In the analysis of the accessory gene presence or absence data, treeWAS identified 12 genes associated with carriage or invasiveness (Fig 4, Table 1). Three genes were found to be associated with invasive disease, and the role of each was confirmed by the literature. NadA (Neisserial adhesin A) has well-characterised roles in virulence, enabling adhesion, colonisation, and invasion of mucosal cells [64, 65]. MafA2, another adhesin, plays a similar role in pathogenic Neisseria [66, 67]. Epidemiological evidence and rat models have also linked the haemoglobin receptor protein, hmbR, to invasive disease in N. meningitidis [68, 69]. Moreover, as this gene is highly conserved, hmbR may be a good target for vaccine development [70].

Fig 4. Invasive disease in the N. meningitidis accessory genome.

treeWAS identified 12 genes associated with invasive disease. A: At left, the clonal genealogy reconstructed with ClonalFrameML, and terminal phenotype (blue = carrier, red = invasive). At right, an alignment of the 12 significant genes (blue = gene absence, red = gene presence).

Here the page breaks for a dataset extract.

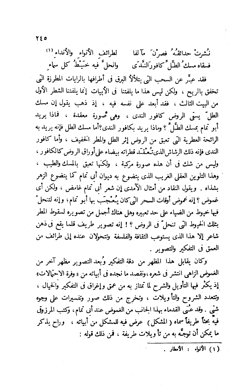 فقد عبَّر عن السحب التي يتلألأ البرق في أطرافها بالرايات المطرزة التي تخفق بالريح؛ ولكن ليس هذا ما يلفتنا في الأبيات إنما يلفتنا الشطر الأول من البيت الثالث؛ فقد أبعد على نفسه فيه؛ إذ ذهب يقول: إن مسك الطل يسقي الروض كافور الندى، وهي صورة معقدة، فماذا يريد أبو تمام بمسك الطلِّ؟ وماذا يريد بكافور الندى؟ أما مسك الطل فإنه يريد به الرائحة العطرية التي تعبق من الروض إثر الطل والمطر الخفيف، وأما كافور الندى فإنه ذلك الرشاش الذي تعقد قطراته بيضاء على أوراق الروض كالكافور، وليس من شك في أن هذه صورة مركبة؛ ولكنها تعبق بالمسك والطيب، وهذا التلوين العقلي الغريب الذي يتضوع به ديوان أبي تمام كما يتضوع الزهر بشذاه. ويقول النقاد من أمثال الآمدي إن شعر أبي تمام غامض، ولكن أي غموض؟ إنه غموض أوقات السحر التي كان يعجب بها أبو تمام؛ وإنه لتنحلّ فيها خيوط من الضياء على حد تعبيره، وهل هناك أجمل من تصويره لسقوط المطر بتلك الخيوط التي تنحل في الروض؟! إنه تصوير طريف قلما يقع في ذهن شاعر إلا هذا الذي يستوعب الثقافة والفلسفة وتتحولان عنده إلى طرائف من العمق في التفكير والتصوير.
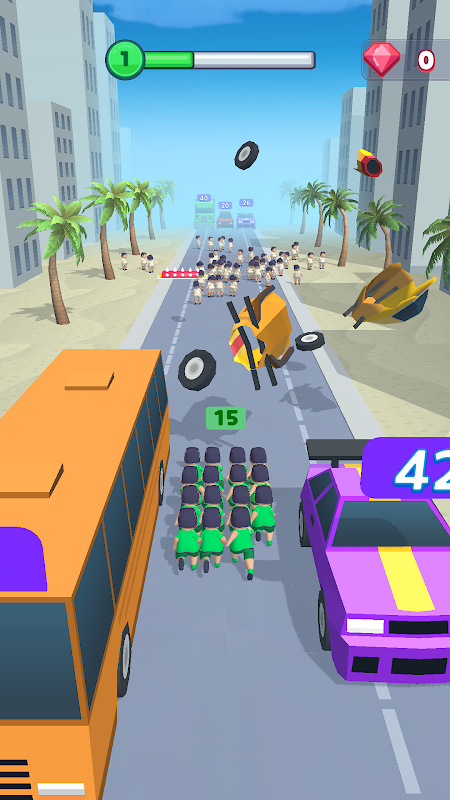 Drag to control the Crowd, Grow the biggest crowd and smash the city.

B-D: Null distributions of simulated association scores for (B) Score 1, (C) Score 2, (D) Score 3, a significance threshold (red), above which real associated genes are indicated. E-G: Manhattan plots for (E) Score 1, (F) Score 2, (G) Score 3 showing association score values for all genes, a significance threshold (red), above which points indicate significant associations.

Table 1. Genes associated with invasive disease in N. meningitidis.

These genes were identified as significantly associated with invasive disease when treeWAS was applied to 129 accessory genome gene presence-or-absence sequences from N. meningitidis serogroup C.

We also identified nine genes whose presence was associated with Neisserial carriage. These included the cell-surface protein encoded by NEIS0956 and the DNA transport competence proteins encoded by NEIS1574, NEIS1880, and NEIS1996, which enable genetic transformation [71, 72]. These genes may confer an adaptive advantage to N. meningitidis that enables immune evasion via surface modulation, and favours colonisation and survival in the nasopharyngeal niche [73]. This relationship is not entirely clear, however, as non-pathogenic carriage remains incompletely characterised at a molecular level, despite being a fundamental element of the Neisserial life cycle [74].

In the analysis of core SNPs, treeWAS identified seven associated loci (Fig 5, Table 2). Among these, the porA gene is well known for encoding a surface protein that drives hyperinvasivity in N. meningitidis [7578]. Likewise, gapA-2 may facilitate the adhesion to and invasion of host tissues [79]. As the genetic basis of invasiveness in N. meningitidis is not yet fully understood, we anticipate that future work will elucidate the roles of other loci in Table 2.

Fig 5. Invasive disease in N. meningitidis core SNPs.

treeWAS identified 7 SNPs associated with invasive disease. A: At left, the clonal genealogy reconstructed with ClonalFrameML, and terminal phenotype (blue = carrier, red = invasive). At right, an alignment of the 7 significant SNPs (blue = allele 0; red = allele 1). B-D: Null distributions of simulated association scores for (B) Score 1, (C) Score 2, (D) Score 3, a significance threshold (red), above which real associated SNPs are indicated. E-G: Manhattan plots for (E) Score 1, (F) Score 2, (G) Score 3 showing association score values for all SNPs, a significance threshold (red), above which points indicate significant associations.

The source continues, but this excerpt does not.